INSTRUCTIONS FOR THE TASK - Please make an exact copy of the lines from the one holding "dal. Mix well." through the end of the data, both ends included, with no pictures.

INPUT DATA -
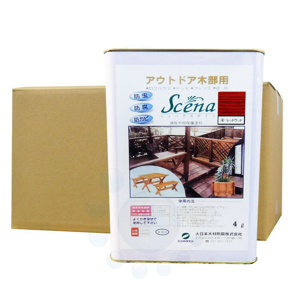 シェーナステイン レッドウッド 4L×4缶 木部用 防腐 防蟻 防カビ 木材 シロアリ予防 駆除 害虫 木材 保護 塗料
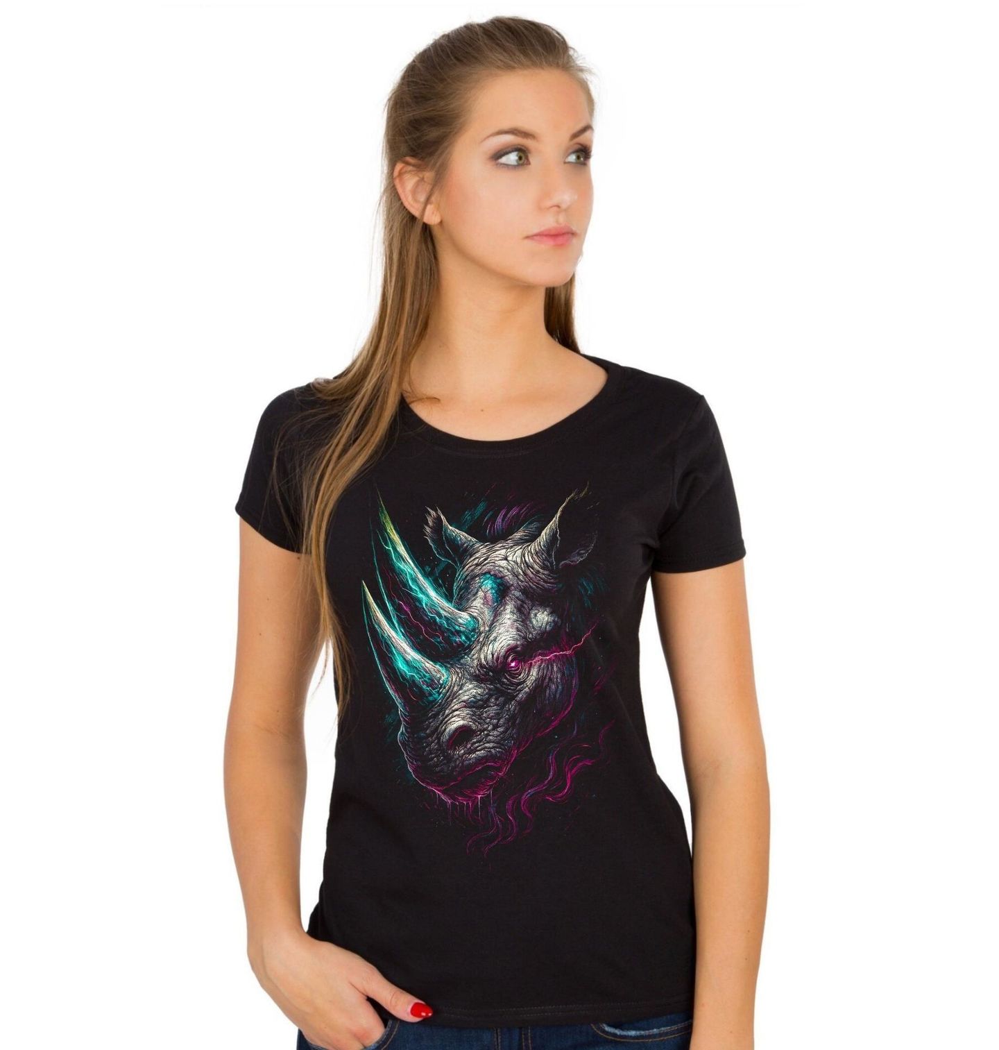 Dámské tričko Neonový Nosorožec. Drsný a výrazný motiv, který okamžitě upoutá pozornost. Dominantou designu je majestátní nosorožec, zobrazený v moderním neonovém stylu s dynamickými barvami a elektrizující energií. Tento motiv symbolizuje sílu, odhodlání a nezlomnost – vlastnosti, které nosorožec dokonale vystihuje. Detailní textura a kontrast mezi temným pozadím a zářivými neonovými prvky dodávají motivu futuristický vzhled.
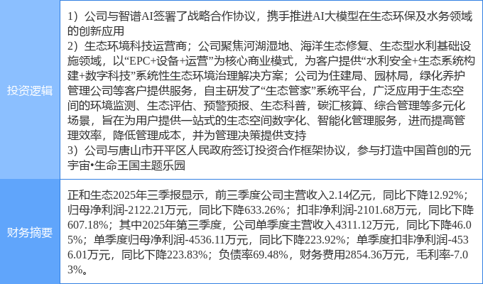 证券之星消息,正和生态12月30日涨停收盘,收盘价14.85元。该股于9点31分涨停,3次打开涨停,截止收盘封单资金为1756.64万元,占其流通市值1.41%。
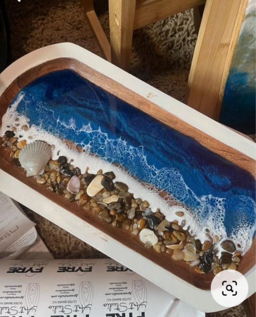 Each piece is unique and reflects the creative decisions made during the process. Resin trays are commonly used for organizing small items such as jewelry or keys, while other pieces function as decorative accents.
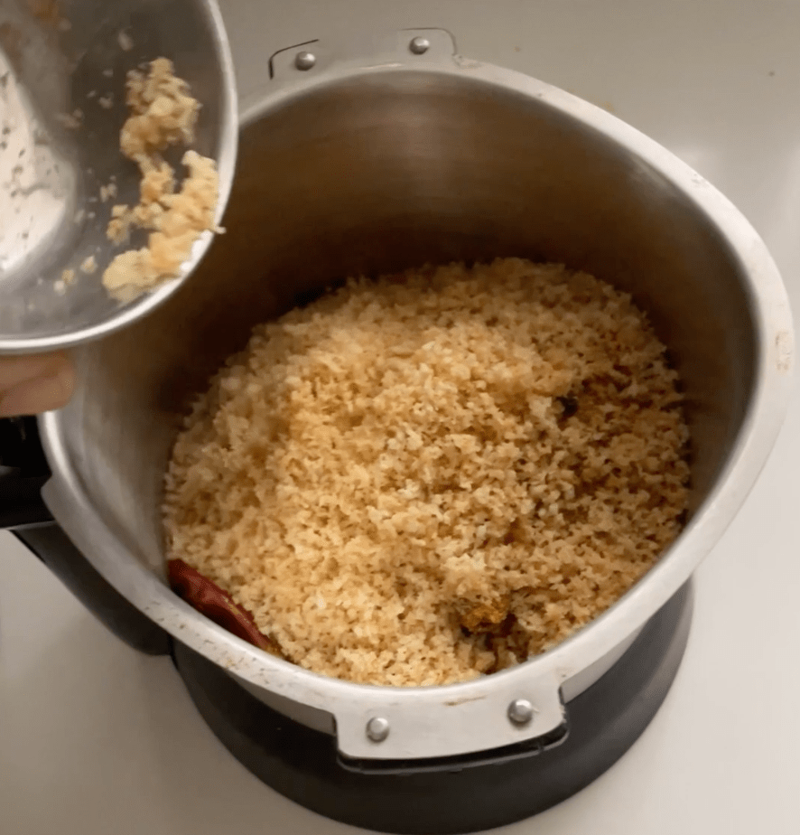 • Add within the powdered sambar masala. mix well. Add in cooked rice and dal. Mix well.
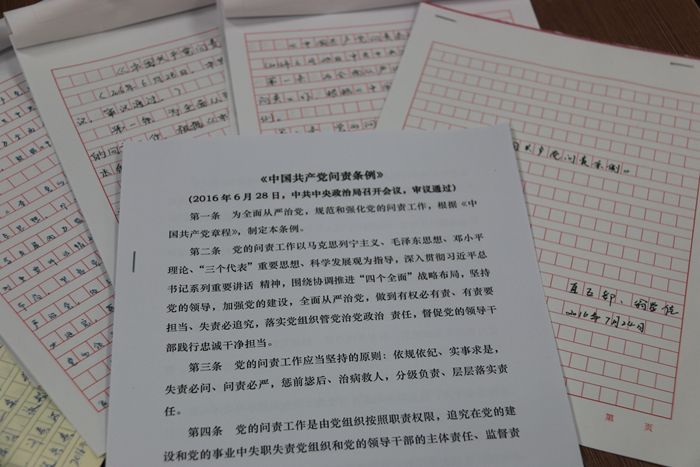 直五部:組織黨員、入黨積極分子抄寫《中國共產(chǎn)黨問責(zé)條例》

FINISHED EXERCISE -
 • Add within the powdered sambar masala. mix well. Add in cooked rice and dal. Mix well.
 直五部:組織黨員、入黨積極分子抄寫《中國共產(chǎn)黨問責(zé)條例》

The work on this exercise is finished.